Scholars of Spanish and Portuguese Shine at Yale
Applause broke out at the fall meeting of the Council on Latin American and Iberian Studies (CLAIS) when Professor Noël Valis announced that the doctoral program in Yale’s Department of Spanish and Portuguese had been ranked #1 in the nation by the National Research Council. Of the 60 doctoral programs in Spanish and Portuguese surveyed nationwide for the NRC’s most recent report, Yale’s graduate program received top honors in quantity and quality of faculty research, as well as in the more general S-rank, based upon “the criteria that scholars say are most important,” explains the NRC. As Department Chair Rolena Adorno remarked: “This current recognition in the NRC rankings builds on the decades-long distinction of Yale’s doctoral program in Spanish.”
Recent accomplishments of the tenured faculty of Spanish and Portuguese certainly corroborate the NRC’s findings. 2010 saw the release of Sterling Professor Roberto González Echevarría’s long-awaited critical study Cuban Fiestas, as well as that of Professor Aníbal González’s thought-provoking Love and Politics in the Contemporary Spanish American Novel. Professor K. David Jackson’s new work Adverse Genres in Fernando Pessoa met with critical acclaim, while Professor Noël Valis was pleased to bring two works to press: Sacred Realism. Religion and the Imagination in Modern Spanish Narrative and La cultura de la cursilería. Mal gusto, clase y kitsch en la España moderna, which caused quite a stir in Spain, especially at the annual Madrid Book Fair. To top it off, Rolena Adorno, Reuben Post Halleck Professor and Department Chair, was recently honored by President Barack Obama with a five-year appointment to the National Council on the Humanities, the advisory board of the NEH.
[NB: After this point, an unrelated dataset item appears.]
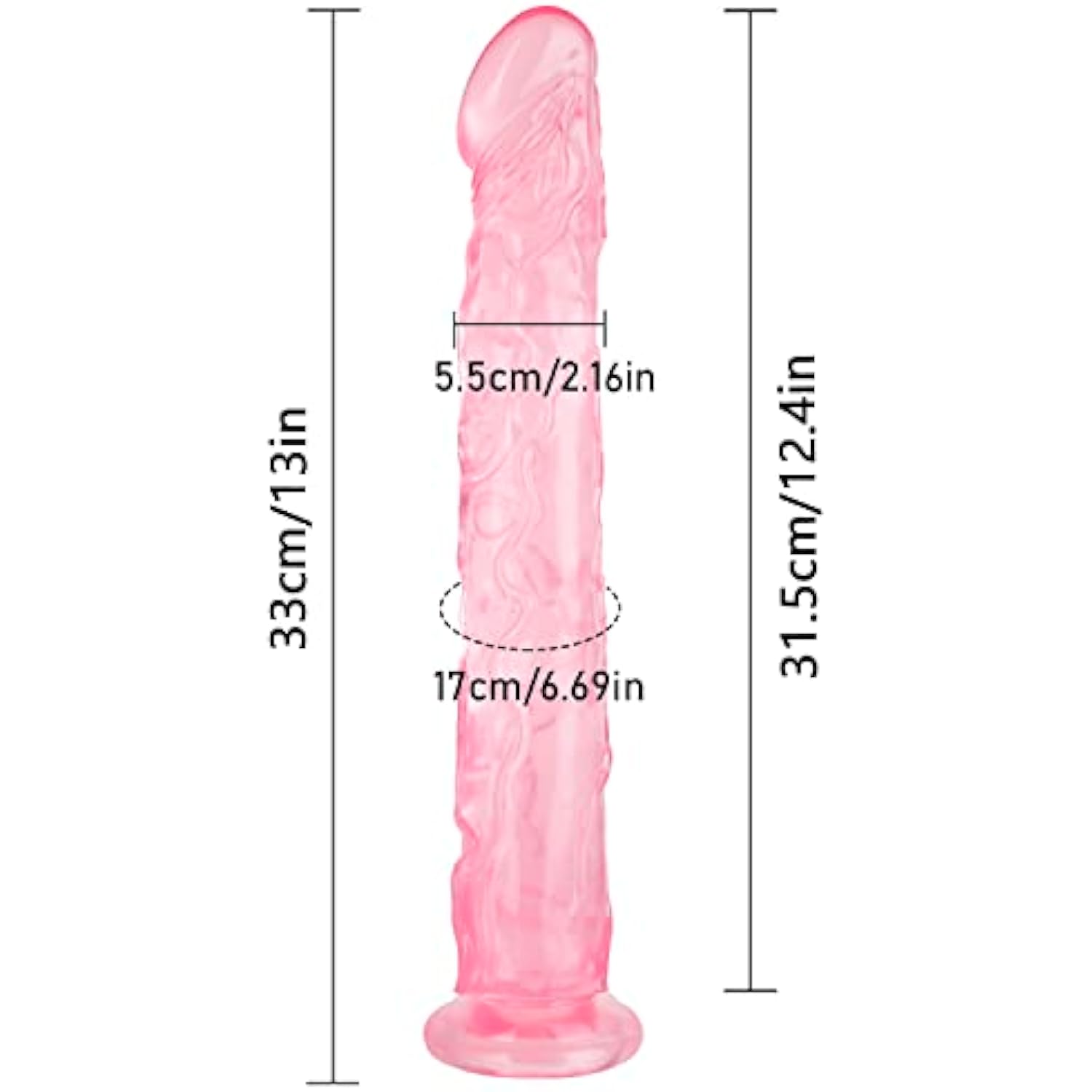 13 Inch Jelly Crystal Dildo, Realistic Huge Flexible Dildos With Powerful Suction Cup Base Large Soft Thick Anal Dildo Adult Sex Toy For Women - Pink

Scholarship is clearly thriving in the Department of Spanish and Portuguese, as confirmed by the long list of articles published and conference papers presented by faculty, lectors and graduate students alike. Los Angeles, London, and Rome were just a few of the cities that they visited to speak on a variety of topics in the study of language pedagogy and literature. Aside from more traditional scholarship, the department also promotes an active interest in the most recent cultural productions of the Iberian Peninsula and Latin America. To name just one recent example, Senior Lector Margherita Tórtora brought the New England Festival of Ibero-American Cinema to the Yale campus on September 22-26, offering a unique opportunity for the Yale community to interact with directors of cutting-edge cinema.
Indeed, a passion for the cultures of Spanish and Portuguese speaking countries is a common thread that unites those in the Department of Spanish and Portuguese, from tenured faculty to undergraduate students. The success of the department’s various study abroad programs in Brazil, Spain, Ecuador, and Argentina, in which students live with host families while taking advanced language and cultural coursework, not only attests to a continued commitment to language learning, but also speaks of an appreciation for foreign cultures.
To reach even more students , as of the 2011 Spring semester, CLAIS will sponsor a new Portuguese for Special Purposes course through the Center for Language Study. Designed for professional school students and undergrads preparing for internships, this not-for-credit course will cover social, economic, political and environmental topics in the Lusophone world while strengthening students’ language proficiency. Modeled in part after the successful course Spanish for Medical Professionals, Portuguese for Special Purposes will meet once a week for eight weeks. Of course, if those eight weeks leave any student unsatisfied, the distinguished Department of Spanish and Portuguese awaits.